If the company cannot stop the agent quickly, the agent should not have broad tool access.

Autonomy without shutdown control is not production-ready.

This sounds basic, but it is often missing in early agent deployments.

Teams think about what the agent can do.

They do not think enough about how to stop it when it does the wrong thing.

That is a serious architecture gap.

Final thought

Tool access is where AI agents become serious.

It is also where casual architecture becomes dangerous.

The agent should not be trusted simply because it follows instructions most of the time.

The system needs structure:

capability registry
execution broker
scoped tool calls
approval gates
sandboxing
audit logs
kill switch

This is the difference between an AI demo and an AI system.

A demo shows what the agent can do.

Security architecture defines what the agent is allowed to do.

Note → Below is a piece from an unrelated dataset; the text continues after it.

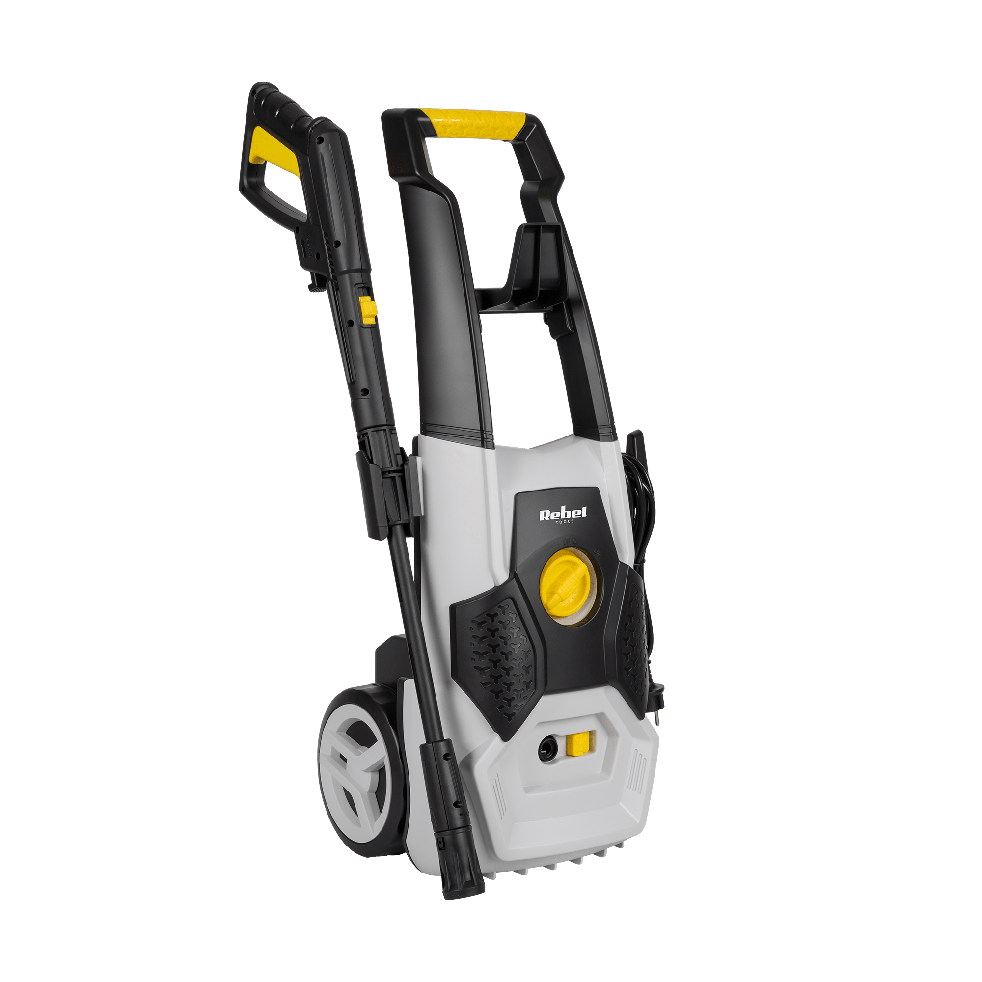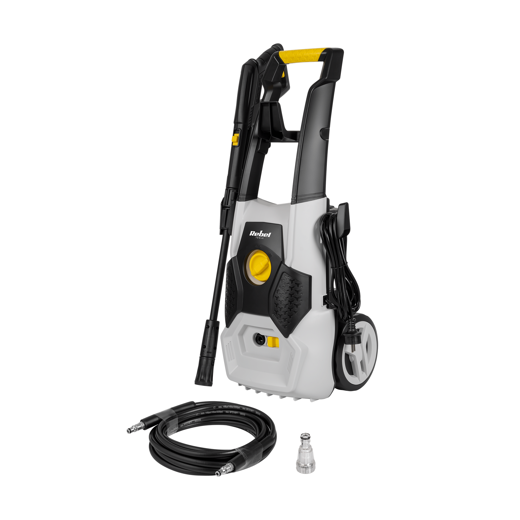 Пральна машина Rebel оснащена двигуном потужністю 1800 Вт, який у поєднанні з ефективним насосом, що перекачує 360 літрів води на годину, здатний створювати тиск до 140 бар, що ефективно видаляє стійкий бруд з різних типів поверхонь.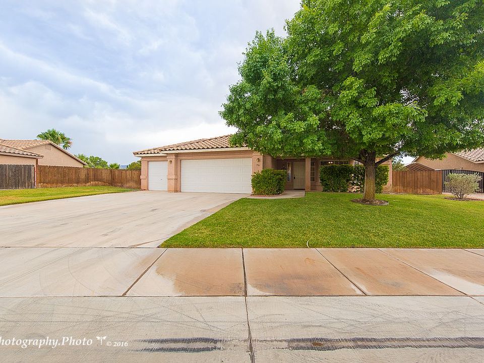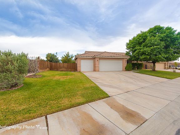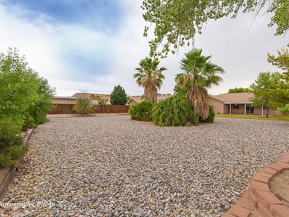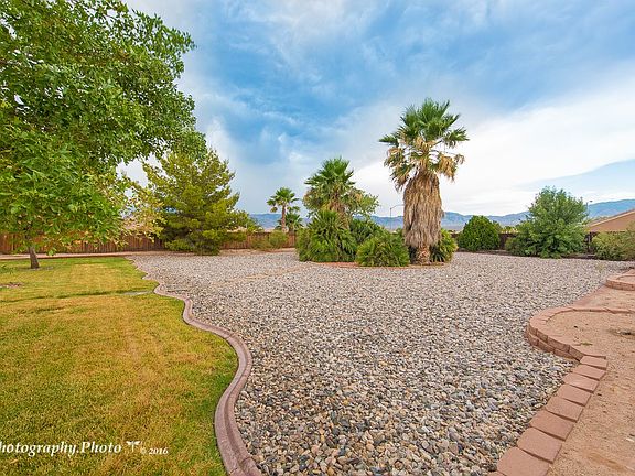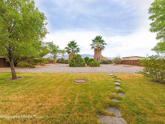This desirable home is situated on over a third of an acre in Desert Rose. This incredibly private home site is rare in a non-HOA community. The 3 car garage and RV parking allow ample room for vehicles and various toys and the there is plenty of room for a swimming pool. The view of the southern mountains is awesome and the orientation is ideal. The yard is fully landscaped and fenced. The towering Palms, mature trees, various plants and well manicured lawn provide the perfect splash of green. The great room and the master bedroom both lead to a spacious covered patio. The home has vaulted ceilings and numerous windows. Brand new 20 X 20 tile has been laid in the kitchen, breakfast/dining area and entry. The guest bedroom off the front of the home has a bay window providing a lot of natural light. This single family community is centrally located off of Mesquite Boulevard.

Enterprise AI needs the second one before it can safely trust the first.

Top comments (1)

Kaspar von Grünberg • Jun 15

The execution broker pattern here is exactly what we call the Execution + Capability layers inside Agent Infrastructure. The insight is right: the agent reasons, the platform enforces. Where I'd push further is that the capability registry, the identity checks, the approval gates, the audit trail — these are not per-agent engineering problems. They're platform concerns. Every agent your org builds needs the same substrate underneath.

The moment you have multiple teams shipping agents (CRM, billing, ticketing, all of the above), you're not building agents anymore, you're building a platform.